The Human Factor is a look behind the curtain with those individuals within the United States government whose job it was to attempt to secure peace between Israel and its neighboring countries to establish a Palestinian homeland. But, what makes The Human Factor a more universal treatise on human nature is the approach it takes to the stance of learning from the mistakes of the past so that they are not perpetuated well into the future. Of course, this is a simple enough lesson to accept, but even harder to adhere to as those lessons are seen to clash constantly with individual egos and ambitions to ultimately derail even the most well-thought out plans for peace.

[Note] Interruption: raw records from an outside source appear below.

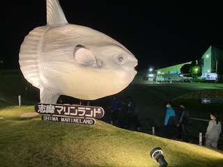 夕食ごは、マリンランドへ。夜の水族館をまわります。マンボウの生態についての展示や、多くの生き物が展示されています。
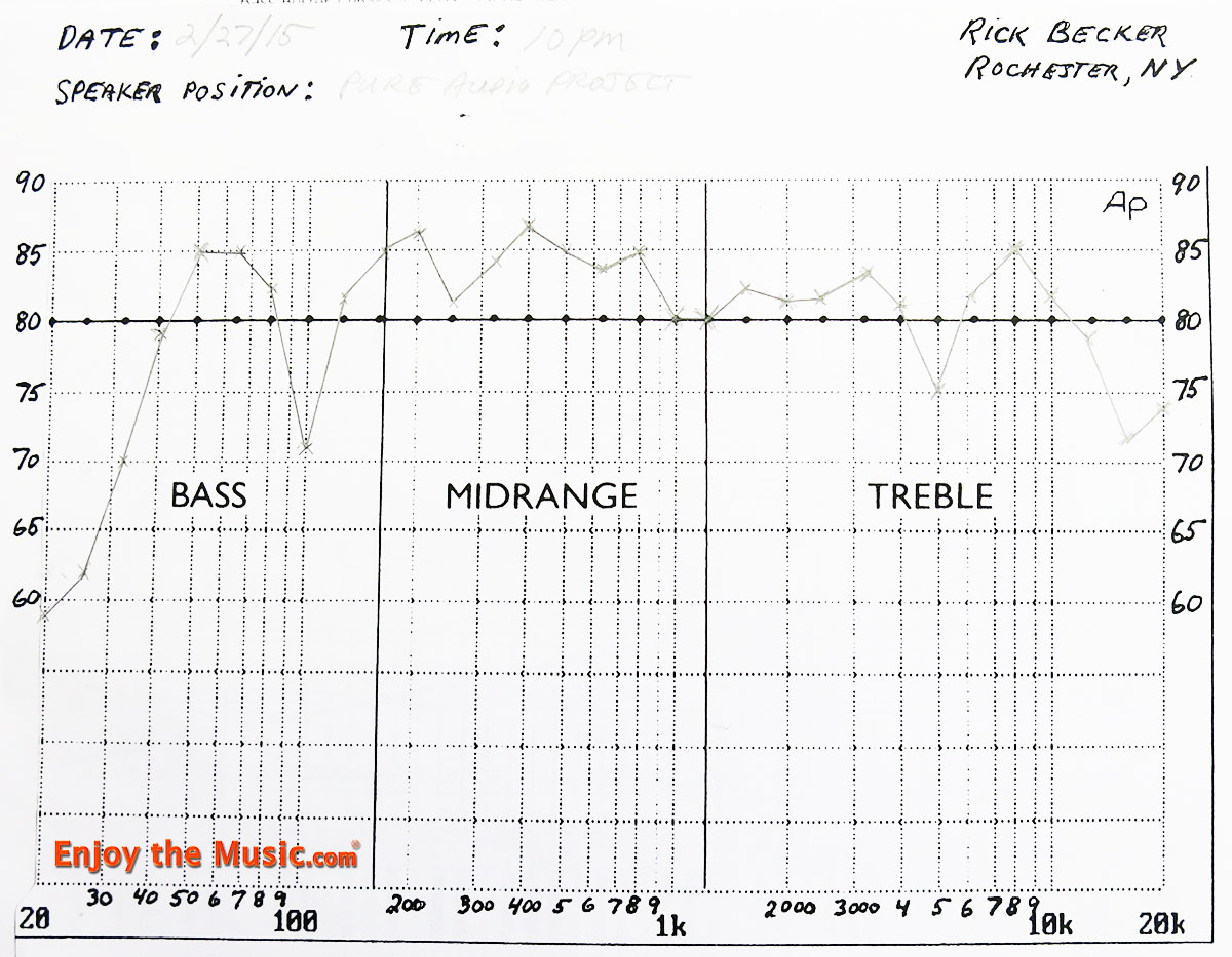Good Vibrations? It occurred to me that perhaps I had over-tuned the speaker early on when it was still breaking in. So I slowly deconstructed my speaker set-up. First I removed the SoundDampedSteel Isofeet from beneath the spikes, which proved to be a step in the right direction. Next, I removed the slate risers, a move that extended the decay of the notes further and warmed up the sound. And finally, taking a clue from Synergistic Research MiG domed footers; I replaced the rear spike with one of the original swivel-headed footers with a non-penetrating surface contacting the floor. This, too, cut down the focus a bit and extended the decay, finally making the Trio more musically inviting. Next I tried two of the flat feet at the front and a spike at the rear. This was better yet, but after thinking about it, the next day I re-set the speakers with three flat footers. This not only increased the decay of the notes, but it increased the bloom of the instruments. The music had swing. My foot was tapping. I was emotionally involved with the music. The space between the notes had shrunk and the bass had picked up a slight, but noticeable softness. As Zen masters and a few Westerners since then have said, it's the silence between the notes that makes the music, and this is what I've altered. On music I've heard a hundred times I felt a fresh wave of goosebumps and a re-play of Vincent Belanger's "La" brought tears to my eyes. Another consequence of softening up the bass with the use of the three flat footers was heightened awareness of the limited reach of frequency of the dual 15" drivers. To look at the PureAudioProject Trio 15 TB open baffle speaker you would think they must reach really deep into the low bass, but no. This is one of the limitations of open baffle design. The Eminence drivers are very good down to their free air resonance (Fs) of 41Hz as shown in my SPL chart, but below that they fall off quickly, which is to be expected. I fell asleep late at night, wondering what the Trio would sound like with my pair of Tekton subwoofers with dual concentric 12" drivers.
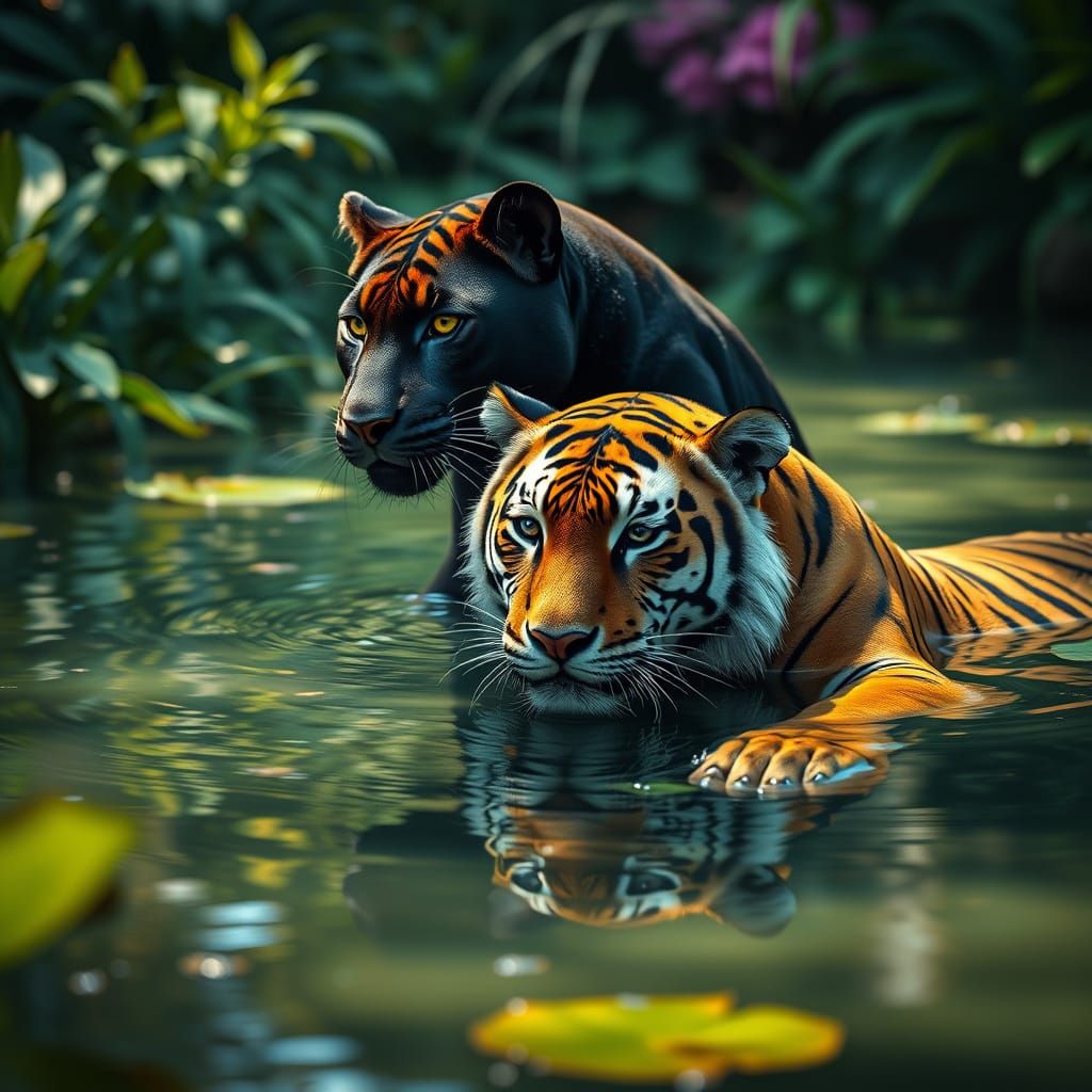 This image showcases two majestic animals, a black panther and a Bengal tiger, swimming together in a serene pond surrounded by lush greenery. The artwork features vibrant colors, intricate textures, and dynamic lighting, reminiscent of fantasy realism and digital painting.
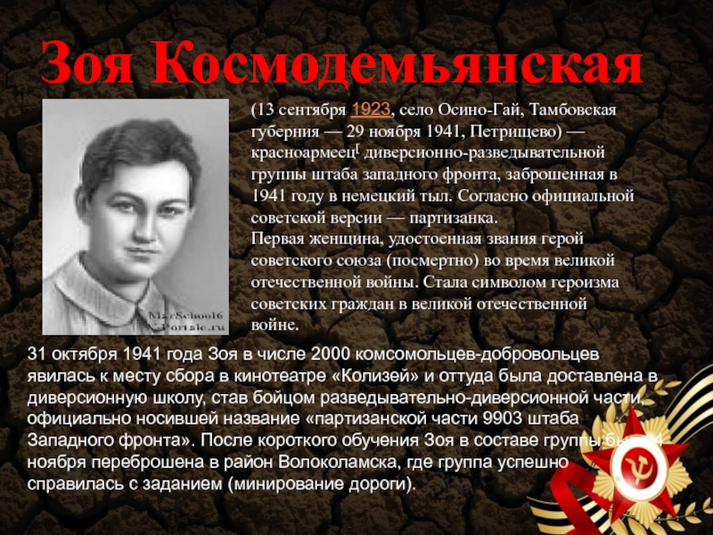 31 октября 1941 года Зоя в числе 2000 комсомольцев-добровольцев явилась к месту сбора в кинотеатре «Колизей» и оттуда была доставлена в диверсионную школу, став бойцом разведывательно-диверсионной части, официально носившей название «партизанской части 9903 штаба Западного фронта». После короткого обучения Зоя в составе группы была 4 ноября переброшена в район Волоколамска, где группа успешно справилась с заданием (минирование дороги).
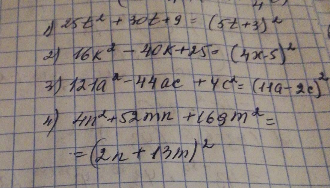 Представьте в виде квадрата двучлена трехчлены
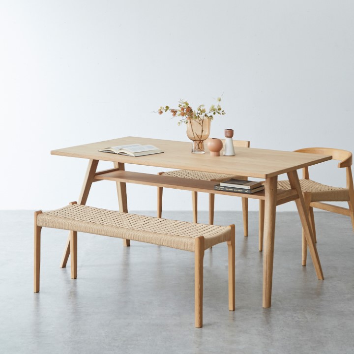 アッシュ無垢材とペーパーコードが織りなす、素朴で美しい佇まい。
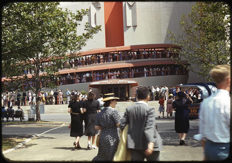 [General Motors building at New York World's Fair, with people waiting in line for the Futurama ride.]
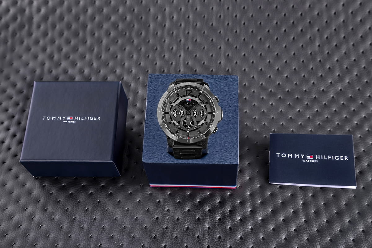 Z zegarkiem otrzymasz stylowe, firmowe pudełko w kolorystyce marki Tommy Hilfiger. To eleganckie opakowanie stanowi idealne uzupełnienie, które sprawia, że zegarek staje się gotowym, luksusowym prezentem. To subtelny akcent, który podkreśla wyjątkowy charakter i klasę marki Tommy Hilfiger.
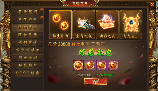 活动内容:活动期间消耗传奇币即可购买特惠礼包
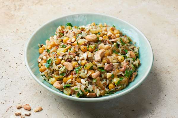 Gourmand vous avez dit gourmand ? Goutez à un doux mélange de riz sauvage-pois chiche-raisin blond légèrement relevé de cannelle, curry et chilli powder. Miam
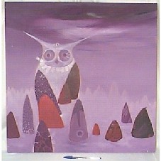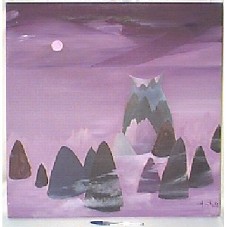 PINTURA ACRÍLICA SOBRE TELA (60X60 CM), EM TONS DE LILÁS E VIOLETA, DE AVES VISIONÁRIAS, CORUJAS, REPRESENTANDO A MAGIA E A MISTICIDADE DE UM CONTINENTE. OS ELEMENTOS EM CONES PONTUDOS, CHAMADOS DE 'LOS CERROS' REPRESENTAM AS DIFERENTES NAÇÕES QUE DEVEM SE UNIR, LEVANDO EM CONTA A PRESENÇA DA MÃE LUA, CRIADORA E PROTETORA DOS HOMENS VISIONÁRIOS. NO CANTO INFERIOR ESQUERDO, ASSINATURA DO AUTOR E ANO. PINTURA EM COMPOSIÇÃO COM OUTRA TELA DE MESMO TAMANHO.
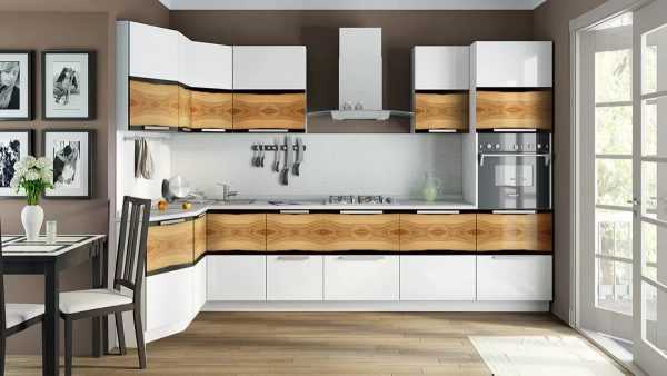 Угловая кухня смотрится стильно и лаконично как в небольших комнатах, так и в просторных помещениях
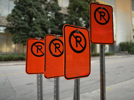 Many Temporary No Parking Traffic Signs at Street
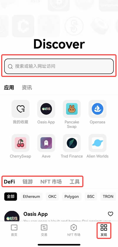 以App为例,用户可在搜索框或DeFi、链游、NFT市场、工具四大排行榜中基于链筛选并查看各式Dapp,点击即可跳转。如需使用某一Dapp,连接钱包即可使用。也可以将**使用的Dapp点击【】添加至【我的收藏】,方便查找。
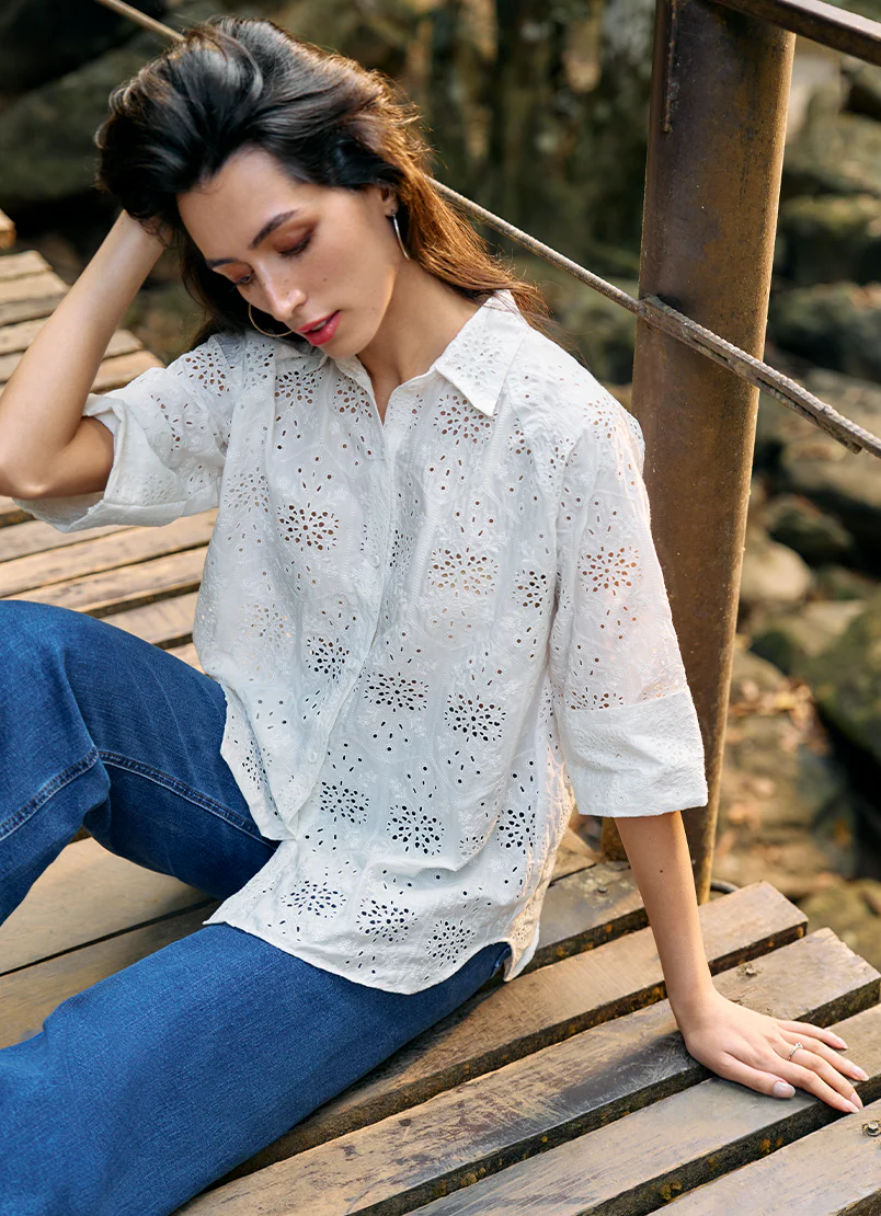 Button-down top featuring contemporary schiffli embroidery all over the shirt with three quarter sleeves.

Constructed around interviews, conducted by director Moreh, with Gamal Helal (senior Arabic interpreter and special Middle East envoy), Martin Indyk (a two-time U.S. Ambassador to Israel), Daniel Kurtzer (a former ambassador to both Egypt and Israel), Robert Malley (the special assistant to President Bill Clinton for Arab-Israeli affairs), Aaron Mill (a State Department analyst specializing in the Middle East), and Dennis Ross (an advisor on the Middle East to four presidential administrations), The Human Factor succeeds in giving the diplomatic process an identity and, if you will, a soul. Which makes it all the more infuriating when it ultimately fails to come to fruition and the conflicts inevitably resume.
There is also a powerful history lesson within the frames of The Human Factor as the American attempts to broker peace culminate with the prime minister of Israel, Yitzhaz Rabin, shaking hands with Palestinian leader Yassar Arafat while attending a summit at the White House. Then, of course, tragedy struck when Rabin was assassinated, and it would be over half a decade later before the uneasy peace would ultimately be brokered.
Tragically though, that truce would not last and the American effort to secure peace in that region of the world would ultimately fail. But, The Human Factor maintains that this was not for lack of trying or the absence of a desire for peace on any side, only that it was not the right time, but perhaps someday that time will come.